Given the max_connections is 100 and in practice I appear to be maxing out around 8, I don’t seem to be overwhelming the connections - or any resources on the OS or DB for that matter.
So am I “Just Doing It Wrong” or is there something larger at play out of my control, like a bug in the db pg code around mt?
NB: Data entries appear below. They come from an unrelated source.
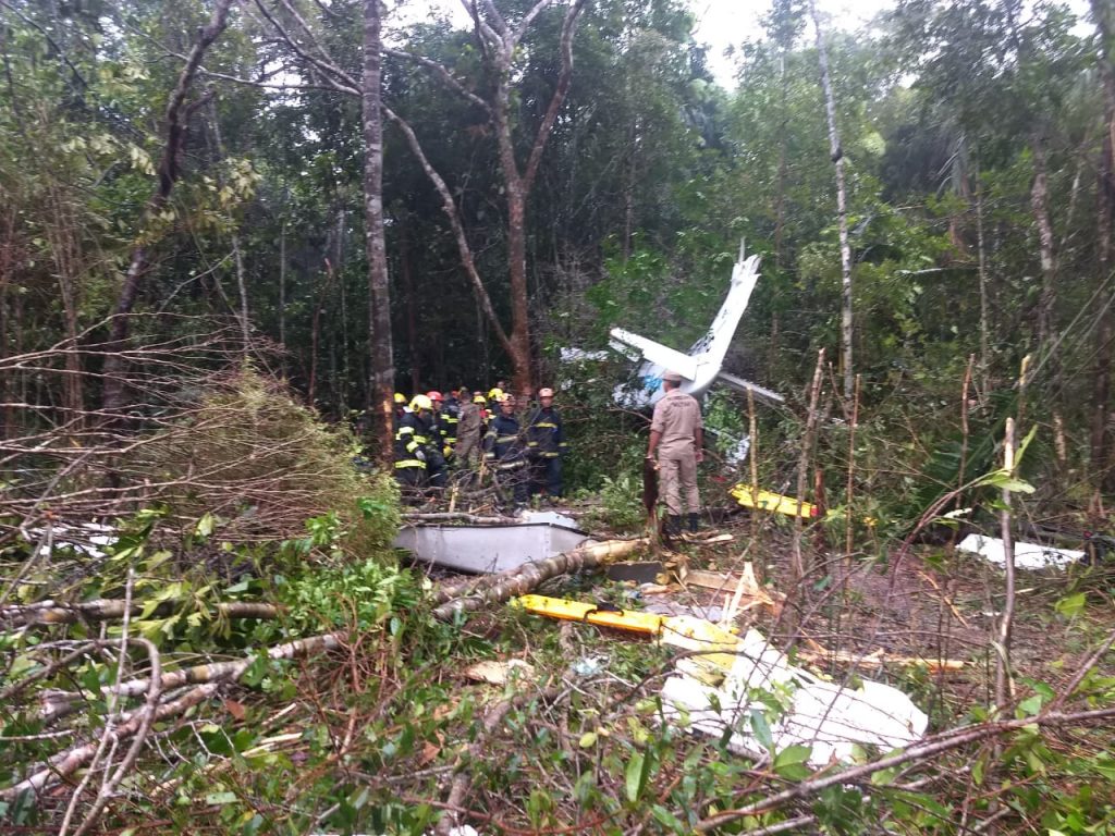 Corpo de Bombeiros em resgate a vitimas de acidente de avião. FOTO: Bombeiros.
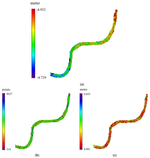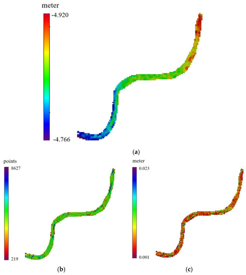 Two separation models were developed using CARIS HIPS and SIPS software based on real-time heave and delayed heave, respectively. Figure 10 shows the developed separation model using the real-time heave solution. Figure 10a shows the separation height between the chart datum and WGS84 at model grid nodes that range between −4.932 m to −4.729 m. Figure 10b shows the density of the number of points employed to estimate the separation heights at the grid nodes that range between 219 points and 8627 points. Figure 10c shows the standard deviations associated with the estimated separation heights at the grid nodes that range between 0.001 m and 0.035 m.
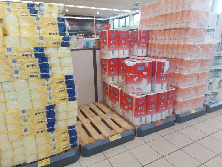 V Lidlu v Murski Soboti je danes skoraj zmanjkalo toaletnega papirja.
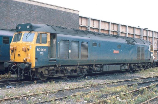 5/10/80:- 50006 "Neptune" awaits a general repair and refurbishment in Doncaster Works yard.
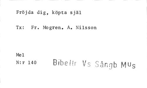 //// Fröjda dig, köpta själ //// Tx: Fr. Mogren. A. Nilsson //// Mel //// N:r 140 Bibeltr Vs Sånjb Mus ////
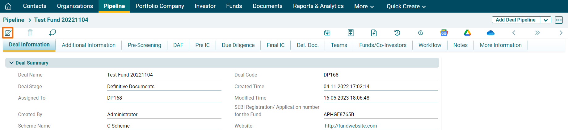 The pipeline will be empaneled as an approved Direct Fund and will be visible to AIF under the Funds module.
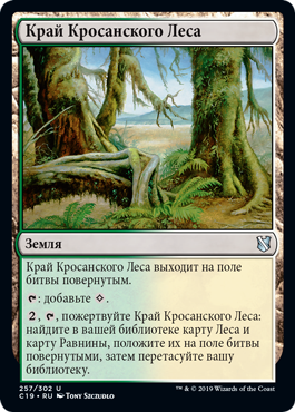 | Rules | Krosan Verge enters the battlefield tapped. : Add . , , Sacrifice Krosan Verge: Search your library for a Forest card and a Plains card, put them onto the battlefield tapped, then shuffle. |

I am being very lazy and not doing anything about the exceptions and just letting it fall flat - should I more gracefully handle them and retry or anything more sophisticated than that?
Any suggestions on things I should try/test? I would really love to not have to run the DB parts serially - particularly when this will eventually run on a machine with many cores in “production” (this is just personal code that makes me money, but it is nothing commercial).